Dataset records: Begin
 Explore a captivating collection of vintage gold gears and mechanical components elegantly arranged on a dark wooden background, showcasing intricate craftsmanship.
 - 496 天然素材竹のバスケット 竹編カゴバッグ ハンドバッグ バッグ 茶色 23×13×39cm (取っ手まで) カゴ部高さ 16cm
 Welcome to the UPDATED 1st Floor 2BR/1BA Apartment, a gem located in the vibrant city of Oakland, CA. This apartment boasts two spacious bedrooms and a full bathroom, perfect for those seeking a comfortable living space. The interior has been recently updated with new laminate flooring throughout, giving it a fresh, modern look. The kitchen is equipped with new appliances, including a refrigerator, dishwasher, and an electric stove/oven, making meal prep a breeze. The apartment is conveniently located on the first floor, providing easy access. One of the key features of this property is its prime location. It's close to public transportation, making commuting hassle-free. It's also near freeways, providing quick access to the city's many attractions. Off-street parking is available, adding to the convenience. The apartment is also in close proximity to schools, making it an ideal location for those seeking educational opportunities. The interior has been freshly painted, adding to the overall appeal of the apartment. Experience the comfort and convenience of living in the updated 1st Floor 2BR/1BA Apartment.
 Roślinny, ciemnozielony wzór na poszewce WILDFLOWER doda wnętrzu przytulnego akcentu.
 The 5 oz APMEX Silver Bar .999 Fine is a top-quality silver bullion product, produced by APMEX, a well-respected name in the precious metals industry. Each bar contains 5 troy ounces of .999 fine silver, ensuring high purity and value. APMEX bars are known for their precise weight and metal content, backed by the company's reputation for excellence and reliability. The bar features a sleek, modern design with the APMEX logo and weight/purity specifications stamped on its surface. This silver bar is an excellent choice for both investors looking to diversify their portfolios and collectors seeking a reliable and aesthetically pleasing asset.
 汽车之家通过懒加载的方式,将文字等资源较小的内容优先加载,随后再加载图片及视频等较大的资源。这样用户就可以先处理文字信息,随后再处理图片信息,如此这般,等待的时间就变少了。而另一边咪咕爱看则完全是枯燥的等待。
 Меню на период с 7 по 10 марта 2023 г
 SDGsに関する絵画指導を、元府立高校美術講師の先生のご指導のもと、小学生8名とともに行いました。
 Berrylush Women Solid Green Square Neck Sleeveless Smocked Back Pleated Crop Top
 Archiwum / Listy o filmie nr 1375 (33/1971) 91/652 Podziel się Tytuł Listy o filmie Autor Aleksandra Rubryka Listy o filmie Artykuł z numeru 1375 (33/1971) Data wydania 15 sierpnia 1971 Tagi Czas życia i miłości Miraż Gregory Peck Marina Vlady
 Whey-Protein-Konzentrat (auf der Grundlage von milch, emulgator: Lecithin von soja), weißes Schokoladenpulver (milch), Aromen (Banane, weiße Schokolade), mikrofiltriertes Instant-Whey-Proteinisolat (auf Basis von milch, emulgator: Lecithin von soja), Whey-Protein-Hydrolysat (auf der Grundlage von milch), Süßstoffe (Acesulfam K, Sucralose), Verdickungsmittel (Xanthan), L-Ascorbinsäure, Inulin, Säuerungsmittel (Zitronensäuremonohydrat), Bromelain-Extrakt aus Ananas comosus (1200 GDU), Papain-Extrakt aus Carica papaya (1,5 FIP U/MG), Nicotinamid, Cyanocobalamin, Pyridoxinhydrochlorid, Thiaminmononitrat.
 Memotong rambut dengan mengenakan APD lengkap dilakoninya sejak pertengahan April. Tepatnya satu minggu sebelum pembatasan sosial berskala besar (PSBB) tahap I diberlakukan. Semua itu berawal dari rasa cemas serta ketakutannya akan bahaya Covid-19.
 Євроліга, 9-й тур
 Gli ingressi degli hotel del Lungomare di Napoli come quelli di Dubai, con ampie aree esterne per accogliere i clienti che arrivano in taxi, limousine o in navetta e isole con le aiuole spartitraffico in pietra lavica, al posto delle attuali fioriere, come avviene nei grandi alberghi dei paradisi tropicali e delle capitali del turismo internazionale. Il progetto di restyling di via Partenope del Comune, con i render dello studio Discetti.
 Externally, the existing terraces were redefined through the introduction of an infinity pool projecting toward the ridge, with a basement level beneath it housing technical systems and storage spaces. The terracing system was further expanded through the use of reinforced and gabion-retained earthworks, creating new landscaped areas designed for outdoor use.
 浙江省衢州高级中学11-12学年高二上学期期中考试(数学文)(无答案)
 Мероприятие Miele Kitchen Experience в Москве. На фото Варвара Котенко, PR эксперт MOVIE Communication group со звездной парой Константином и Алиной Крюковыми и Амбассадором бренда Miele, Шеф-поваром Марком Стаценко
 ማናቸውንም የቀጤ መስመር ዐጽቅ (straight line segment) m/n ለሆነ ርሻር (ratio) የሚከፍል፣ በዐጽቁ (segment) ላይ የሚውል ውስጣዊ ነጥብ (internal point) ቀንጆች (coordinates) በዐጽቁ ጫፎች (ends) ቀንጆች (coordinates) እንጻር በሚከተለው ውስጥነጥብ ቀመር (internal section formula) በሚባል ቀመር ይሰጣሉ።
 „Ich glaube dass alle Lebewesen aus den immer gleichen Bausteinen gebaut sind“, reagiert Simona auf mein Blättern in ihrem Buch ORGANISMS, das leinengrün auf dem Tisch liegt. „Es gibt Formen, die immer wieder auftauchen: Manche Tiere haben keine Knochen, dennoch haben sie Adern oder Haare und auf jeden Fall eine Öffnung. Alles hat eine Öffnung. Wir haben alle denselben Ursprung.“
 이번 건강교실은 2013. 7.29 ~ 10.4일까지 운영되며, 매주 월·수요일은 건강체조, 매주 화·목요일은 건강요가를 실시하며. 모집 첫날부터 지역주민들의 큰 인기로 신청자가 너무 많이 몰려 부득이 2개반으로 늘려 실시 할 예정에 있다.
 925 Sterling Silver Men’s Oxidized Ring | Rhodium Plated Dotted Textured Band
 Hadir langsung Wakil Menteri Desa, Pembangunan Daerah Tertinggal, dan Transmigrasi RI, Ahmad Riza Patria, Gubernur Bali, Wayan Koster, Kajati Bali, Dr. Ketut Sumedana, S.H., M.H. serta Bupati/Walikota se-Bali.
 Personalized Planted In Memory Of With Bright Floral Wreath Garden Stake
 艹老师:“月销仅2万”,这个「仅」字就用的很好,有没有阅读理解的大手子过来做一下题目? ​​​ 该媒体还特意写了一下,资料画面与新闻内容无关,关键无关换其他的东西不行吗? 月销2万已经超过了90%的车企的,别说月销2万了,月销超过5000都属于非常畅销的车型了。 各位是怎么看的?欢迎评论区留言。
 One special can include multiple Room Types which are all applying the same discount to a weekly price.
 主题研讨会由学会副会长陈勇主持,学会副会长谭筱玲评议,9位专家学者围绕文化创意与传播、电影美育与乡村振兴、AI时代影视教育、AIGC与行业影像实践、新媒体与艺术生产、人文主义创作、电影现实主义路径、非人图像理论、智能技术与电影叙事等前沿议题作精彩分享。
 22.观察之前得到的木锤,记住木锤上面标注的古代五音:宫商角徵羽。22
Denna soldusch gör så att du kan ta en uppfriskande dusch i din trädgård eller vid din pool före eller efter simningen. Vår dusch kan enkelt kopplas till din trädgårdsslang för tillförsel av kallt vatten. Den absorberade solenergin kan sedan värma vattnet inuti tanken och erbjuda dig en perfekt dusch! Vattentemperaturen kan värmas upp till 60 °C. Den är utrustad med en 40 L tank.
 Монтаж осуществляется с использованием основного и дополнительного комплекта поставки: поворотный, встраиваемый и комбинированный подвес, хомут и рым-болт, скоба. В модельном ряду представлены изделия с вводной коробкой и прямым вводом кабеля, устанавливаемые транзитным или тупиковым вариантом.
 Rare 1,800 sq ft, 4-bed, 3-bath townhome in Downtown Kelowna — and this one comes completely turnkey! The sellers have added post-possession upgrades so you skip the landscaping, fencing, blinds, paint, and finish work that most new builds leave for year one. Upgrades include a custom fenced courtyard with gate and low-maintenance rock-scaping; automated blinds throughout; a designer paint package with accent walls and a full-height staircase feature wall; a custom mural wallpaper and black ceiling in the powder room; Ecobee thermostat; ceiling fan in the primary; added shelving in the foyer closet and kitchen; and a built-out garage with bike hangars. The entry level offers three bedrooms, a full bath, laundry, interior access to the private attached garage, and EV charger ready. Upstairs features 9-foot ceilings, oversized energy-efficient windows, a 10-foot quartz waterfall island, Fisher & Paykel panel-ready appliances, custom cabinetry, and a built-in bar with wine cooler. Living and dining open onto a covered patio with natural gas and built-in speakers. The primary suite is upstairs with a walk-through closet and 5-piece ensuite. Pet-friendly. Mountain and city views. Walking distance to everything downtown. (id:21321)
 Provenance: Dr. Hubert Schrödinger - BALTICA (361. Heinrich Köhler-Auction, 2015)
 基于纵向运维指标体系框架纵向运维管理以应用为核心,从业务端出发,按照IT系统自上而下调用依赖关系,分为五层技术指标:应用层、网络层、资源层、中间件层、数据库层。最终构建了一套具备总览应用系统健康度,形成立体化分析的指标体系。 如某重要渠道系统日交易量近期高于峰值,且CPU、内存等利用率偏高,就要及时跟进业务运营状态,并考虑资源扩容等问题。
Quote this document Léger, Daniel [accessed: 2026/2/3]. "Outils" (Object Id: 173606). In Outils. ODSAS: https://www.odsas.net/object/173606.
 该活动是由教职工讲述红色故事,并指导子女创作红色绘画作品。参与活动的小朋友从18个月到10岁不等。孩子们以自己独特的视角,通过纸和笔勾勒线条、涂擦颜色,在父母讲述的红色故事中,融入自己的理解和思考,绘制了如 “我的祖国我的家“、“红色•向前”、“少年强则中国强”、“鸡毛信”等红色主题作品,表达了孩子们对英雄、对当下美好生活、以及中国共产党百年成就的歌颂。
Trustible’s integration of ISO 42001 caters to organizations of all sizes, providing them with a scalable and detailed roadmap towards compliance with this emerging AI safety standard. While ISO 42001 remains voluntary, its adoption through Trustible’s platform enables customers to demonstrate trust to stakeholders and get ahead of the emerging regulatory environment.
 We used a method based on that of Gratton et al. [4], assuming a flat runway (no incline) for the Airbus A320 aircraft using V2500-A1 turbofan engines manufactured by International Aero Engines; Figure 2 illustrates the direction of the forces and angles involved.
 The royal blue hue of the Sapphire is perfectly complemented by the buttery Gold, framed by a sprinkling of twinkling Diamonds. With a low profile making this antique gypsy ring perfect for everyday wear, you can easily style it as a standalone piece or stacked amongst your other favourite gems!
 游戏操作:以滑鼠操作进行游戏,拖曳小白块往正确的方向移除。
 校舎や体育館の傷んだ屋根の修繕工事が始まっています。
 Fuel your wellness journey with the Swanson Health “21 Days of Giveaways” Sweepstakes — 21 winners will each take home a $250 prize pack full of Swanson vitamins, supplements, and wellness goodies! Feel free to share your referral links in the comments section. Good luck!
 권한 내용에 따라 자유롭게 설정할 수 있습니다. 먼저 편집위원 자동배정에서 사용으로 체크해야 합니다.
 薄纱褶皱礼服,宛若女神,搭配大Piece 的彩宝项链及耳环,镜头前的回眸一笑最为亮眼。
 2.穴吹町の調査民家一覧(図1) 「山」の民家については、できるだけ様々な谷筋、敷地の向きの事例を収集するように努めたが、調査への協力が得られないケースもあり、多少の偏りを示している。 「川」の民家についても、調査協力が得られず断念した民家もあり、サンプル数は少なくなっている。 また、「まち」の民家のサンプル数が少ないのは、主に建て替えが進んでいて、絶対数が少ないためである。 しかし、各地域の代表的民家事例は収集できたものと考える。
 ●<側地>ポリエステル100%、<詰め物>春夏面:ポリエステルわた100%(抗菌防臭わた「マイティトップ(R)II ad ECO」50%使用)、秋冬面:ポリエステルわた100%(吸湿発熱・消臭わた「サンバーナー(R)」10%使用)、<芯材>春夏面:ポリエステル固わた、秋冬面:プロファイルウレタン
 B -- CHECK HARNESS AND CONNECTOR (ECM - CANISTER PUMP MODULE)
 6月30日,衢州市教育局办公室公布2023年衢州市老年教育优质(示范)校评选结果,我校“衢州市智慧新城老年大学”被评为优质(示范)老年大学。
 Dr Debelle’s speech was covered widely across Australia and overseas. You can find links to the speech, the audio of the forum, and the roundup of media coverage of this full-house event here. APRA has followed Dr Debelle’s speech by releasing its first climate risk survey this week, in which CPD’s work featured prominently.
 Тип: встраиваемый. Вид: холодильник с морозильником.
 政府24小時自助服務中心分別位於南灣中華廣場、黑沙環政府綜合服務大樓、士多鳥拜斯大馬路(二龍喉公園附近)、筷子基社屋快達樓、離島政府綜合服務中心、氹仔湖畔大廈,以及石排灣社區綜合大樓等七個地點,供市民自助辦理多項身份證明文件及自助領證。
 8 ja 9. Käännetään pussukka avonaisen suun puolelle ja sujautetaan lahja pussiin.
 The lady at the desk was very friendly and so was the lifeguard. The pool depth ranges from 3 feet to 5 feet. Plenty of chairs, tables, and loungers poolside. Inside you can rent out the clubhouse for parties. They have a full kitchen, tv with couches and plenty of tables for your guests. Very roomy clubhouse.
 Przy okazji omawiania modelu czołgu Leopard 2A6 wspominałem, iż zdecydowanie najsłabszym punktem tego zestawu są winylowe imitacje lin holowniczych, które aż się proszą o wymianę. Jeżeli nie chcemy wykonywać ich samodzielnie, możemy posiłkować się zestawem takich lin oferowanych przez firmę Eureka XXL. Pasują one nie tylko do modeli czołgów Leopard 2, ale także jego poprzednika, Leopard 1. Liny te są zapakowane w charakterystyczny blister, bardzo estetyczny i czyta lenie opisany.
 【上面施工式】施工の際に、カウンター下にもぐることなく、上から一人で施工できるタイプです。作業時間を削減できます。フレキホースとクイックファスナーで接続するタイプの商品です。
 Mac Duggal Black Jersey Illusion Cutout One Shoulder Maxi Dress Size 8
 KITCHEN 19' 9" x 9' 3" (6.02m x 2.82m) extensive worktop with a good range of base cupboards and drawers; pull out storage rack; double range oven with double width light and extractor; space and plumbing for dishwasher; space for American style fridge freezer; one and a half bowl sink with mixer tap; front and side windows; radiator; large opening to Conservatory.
Dataset records: End
• Your assignment: From the records above, quote only the lines running from the line with "Memotong rambut dengan" to the line with "Мероприятие Miele Kitchen", both lines included.

• Response:
 Memotong rambut dengan mengenakan APD lengkap dilakoninya sejak pertengahan April. Tepatnya satu minggu sebelum pembatasan sosial berskala besar (PSBB) tahap I diberlakukan. Semua itu berawal dari rasa cemas serta ketakutannya akan bahaya Covid-19.
 Євроліга, 9-й тур
 Gli ingressi degli hotel del Lungomare di Napoli come quelli di Dubai, con ampie aree esterne per accogliere i clienti che arrivano in taxi, limousine o in navetta e isole con le aiuole spartitraffico in pietra lavica, al posto delle attuali fioriere, come avviene nei grandi alberghi dei paradisi tropicali e delle capitali del turismo internazionale. Il progetto di restyling di via Partenope del Comune, con i render dello studio Discetti.
 Externally, the existing terraces were redefined through the introduction of an infinity pool projecting toward the ridge, with a basement level beneath it housing technical systems and storage spaces. The terracing system was further expanded through the use of reinforced and gabion-retained earthworks, creating new landscaped areas designed for outdoor use.
 浙江省衢州高级中学11-12学年高二上学期期中考试(数学文)(无答案)
 Мероприятие Miele Kitchen Experience в Москве. На фото Варвара Котенко, PR эксперт MOVIE Communication group со звездной парой Константином и Алиной Крюковыми и Амбассадором бренда Miele, Шеф-поваром Марком Стаценко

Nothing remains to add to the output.